The Conference, set to take place on December 8-9, 2014 in Vienna, Austria, aims to strengthen the global nuclear disarmament and nonproliferation regime, highlight the health and environmental dangers of nuclear weapons use, and underscore the urgency for progress on the Non-Proliferation Treaty (NPT) action plan.
Up to this point, the “P5” nuclear weapons countries (Russia, China, U.S., U.K., and France) have boycotted the conferences, fearing that they might be used as a forum to push for the elimination of their stockpiles. North Korea and Israel also skipped the two previous events, while India and Pakistan attended the second.
What the U.K. or the rest of the P5 will choose to do, however, is still an open question.
No other P5 countries have confirmed attendance at the December conference, but they could be influenced by the U.S. move.
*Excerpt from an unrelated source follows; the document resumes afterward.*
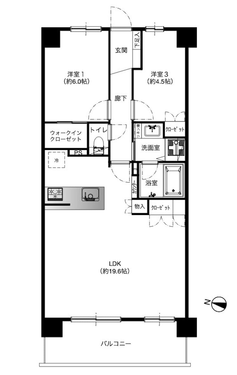 専有面積は約66㎡。約19.6帖の広々リビングが特徴の2LDK
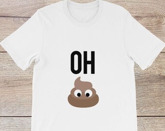 Oh Shit | Funny Quote Shirt with Poop Emoji Graphic for Unisex | Cute Humorous Vulgar Emoticon T-Shirt | Offensive Silly Pooping Gift Tees

At an Arms Control Association event in October, Lord Des Browne, Secretary of State for Defence under the previous British Labour government, said that, “From the point of view of the United Kingdom, if the U.S. agrees to go, we will go.” He continued on to say that it was “no coincidence that we have not made up our mind for each of the last two conferences until immediately after the United States made its decision.”
For its part, the U.S. has made clear that its participation in no way implies that the country supports the beginning of a diplomatic process that would lead to a ban on nuclear weapons or a convention on their elimination. Rather, U.S. participation in the Vienna Conference will help to reaffirm American commitment to the process laid out in the NPT.